CYP2C19: poor metabolizers (loss-of-function variants) fail to convert clopidogrel (anti-platelet) to its active form → reduced antiplatelet effect → higher cardiovascular event risk. Ultra-rapid metabolizers have increased activation.
TPMT/NUDT15: variants reduce thiopurine methyltransferase activity → increased thioguanine nucleotide levels from azathioprine/6-mercaptopurine → bone marrow toxicity. Standard of care in pediatric leukemia.
The CPIC (Clinical Pharmacogenomics Implementation Consortium) publishes evidence-based guidelines for gene-drug pairs — a direct application of clinical variant interpretation to precision pharmacology.
The Growing Burden of VUS
As sequencing becomes routine, the volume of variants of uncertain significance (VUS) has grown dramatically. A patient undergoing hereditary cancer panel testing receives an average of 1–2 VUS, in addition to any pathogenic findings.

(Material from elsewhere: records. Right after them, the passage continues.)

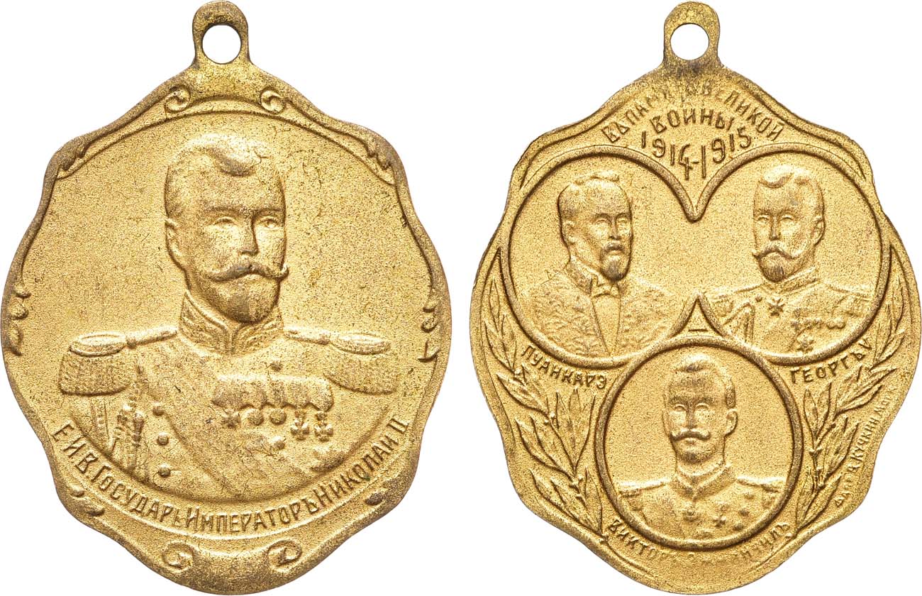Бронза золочение. 5,12г. Диаметр 27 мм. Москва, 1915 г. Фабрика Д.Л. Кучкина (на реверсе справа вдоль края: "ФАБР. Д.КУЧКИН. МОСКВ."). AU/UNC.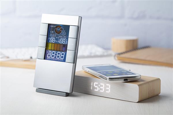 Cyfrowy zegar i stacja pogodowa z kolorowym wyświetlaczem. Funkcje: alarm, pomiar wilgoci i temperatury.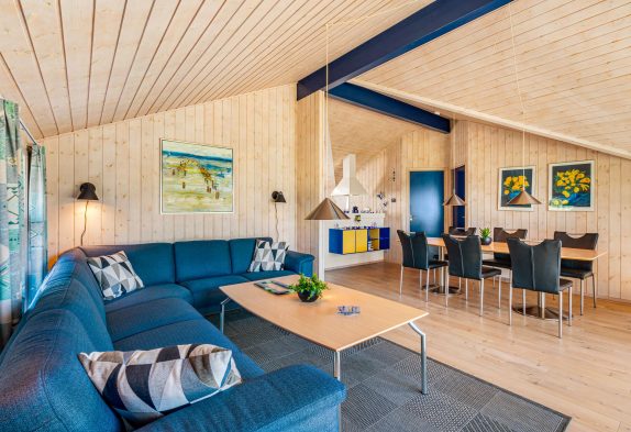 Velkommen i et velholdt sommerhus, som er praktisk og lækkert indrettet med et frisk pift af blå. Huset er lyst og venligt og indeholder alt det, der hører til en afslapningsferie med et strejf af luksus – her er der nemlig både sauna og spa!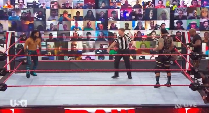Dolph Ziggler y Angelo Dawkins son los hombres legales y este último estaba siendo dominado por el Show Off hasta que llega a su esquina y cede el relevo a Montez Ford, quien logra una cuenta de dos.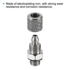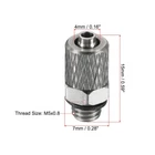 Specification: Color: Silver Tone Material: Electroplating Iron Thread Size: M5x0.8 Overall Size: 15mmx7mm / 0.59 inch x 0.28 inch (W x H) Fit for Air Tube Size: 3.5mmx4mm / 0.14 inch x 0.16 inch(Inner Dia*Outer Dia) Packing List: 1 x Compression Fitting Advantage: Made from electroplating iron for good strength and appearance. The thread design provides a tight sealing performance. The knurl head design is convenient for you to grip and operate, no need for tools Instruction: Easy to install, one side with knurl connect to the air tube and the other side connect to the threaded pipe. NOTE:Please check your thread size of your pipes before ordering.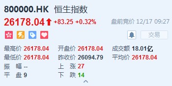 恒生指數(shù)開(kāi)盤(pán)漲0.32%,報(bào)26178.04點(diǎn)。國(guó)企指數(shù)漲0.28%,報(bào)10388.22點(diǎn)。紅籌指數(shù)漲0.12%,報(bào)4319.29點(diǎn)。大市盤(pán)前成交18.01億港元。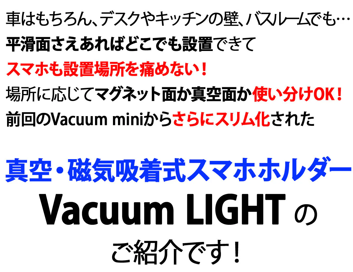 いつも好評をいただいております、Vacuumシリーズからコンパクトな使用感に特化した最新バージョンが開発されました。真空・マグネットで場所を選ばず吸着できるという従来の魅力はそのままにさらに軽量化。これまで以上に持ち運びや外観を損ねない便利なサイズ感になりました。

VUS burden creates clinical uncertainty — neither actionable nor dismissible. ClinGen's variant curation working groups are systematically re-evaluating variants across genes to reclassify VUS as evidence accumulates. Machine learning methods (including AlphaMissense, trained on evolutionary and structural data) are improving in silico pathogenicity prediction, reducing the VUS burden computationally.
The long-term trend: more evidence, better algorithms, and larger databases are progressively reclassifying VUS as either pathogenic or benign — making clinical sequencing progressively more interpretable.